TONY KAYE: It was starting to get somewhere, but I had my own band with David Foster — who was a co-writer with (founding Yes vocalist) Jon (Anderson). He had been the bass player in a band called the Warriors with Jon. David and I were working on stuff, and we played some gigs and got a band together, and eventually it ended up as Badger. So I went straight to doing my own thing. I did a couple of albums with Badger, and I had been to the states a couple of times and loved it here. I recorded the second album in New Orleans with Allen Toussaint — and that was an amazing experience. Badger wasn’t really doing anything, and I just picked up and left, sold everything and came to the U.S. I ended up at the Hyatt House on Sunset (Boulevard in Hollywood, California) with (late Led Zeppelin drummer) John Bonham as my cohort. We wreaked havoc on the Strip for about three months! Then, I bumped into the tour manager for David Bowie and he said: “Can you be on a plane tomorrow for Jamaica?” And I said, “Yeah — but to do what?” The next thing I knew I was rehearsing with David Bowie, and we toured behind Station to Station for two years with an amazing band. I came back to Los Angeles, and started working with Michael Des Barres in Detective. We got signed by Led Zeppelin and did a couple of tours, supporting Kiss mainly.
“YOURS IS NO DISGRACE,” with YES (THE YES ALBUM, 1971): Yes opened with the lengthiest song on its third studio project, a signal of what was to come for a band that would soon be constructing tracks that stretched across entire album sides. The track, which thumps along behind a chugging organ courtesy of co-writer Kaye, casts a hardened gaze on the idea of war — even as it moves through a series of episodic narrative twists. This would be the first song to feature guitarist Steve Howe, who has since become a stalwart with Yes.
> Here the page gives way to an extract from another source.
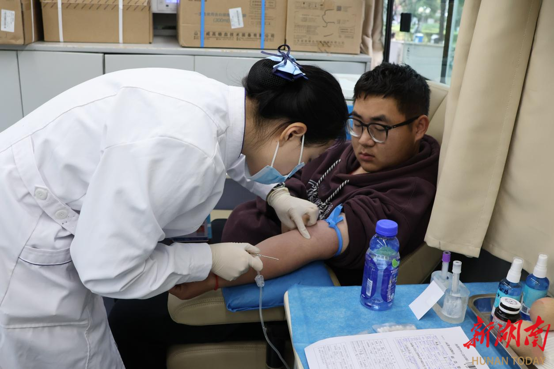 湖南日报·新湖南客户端3月26日讯(通讯员 包淑晨 杨祺 丁琪)近日,由湘潭市中心血站与湘潭大学文学与新闻学院主办的“三月承锋志,热血赴春行”无偿献血活动,在金瀚林学生公寓前坪、大礼堂前坪、西湖公寓前坪开展。

TONY KAYE: We’d done the first two albums — Yes and Time and a Word — with (founding Yes guitarist) Peter (Banks). And as he left the band, we were starting to get a little bit of a reputation after playing around England. I was pretty much a resident of the speakeasy, our local London watering hole, and saw Steve Howe with his band Bodast. I talked to Steve, and brought him into the band and pretty soon, we went down to a little cottage in Devon and started writing The Yes Album. It was a big change, with Peter leaving and Steve coming in. We set up a room to rehearse, and we basically lived there. We started writing little bits, and everybody brought in their own things. It was a gradual, building thing. It turned out to be the breaking album for the band. It was a special time. It was just one of those moments where you finally knew what you were doing, and got it together in one place — outside of London, in a very quiet atmosphere. It came together, and it was a pretty important album.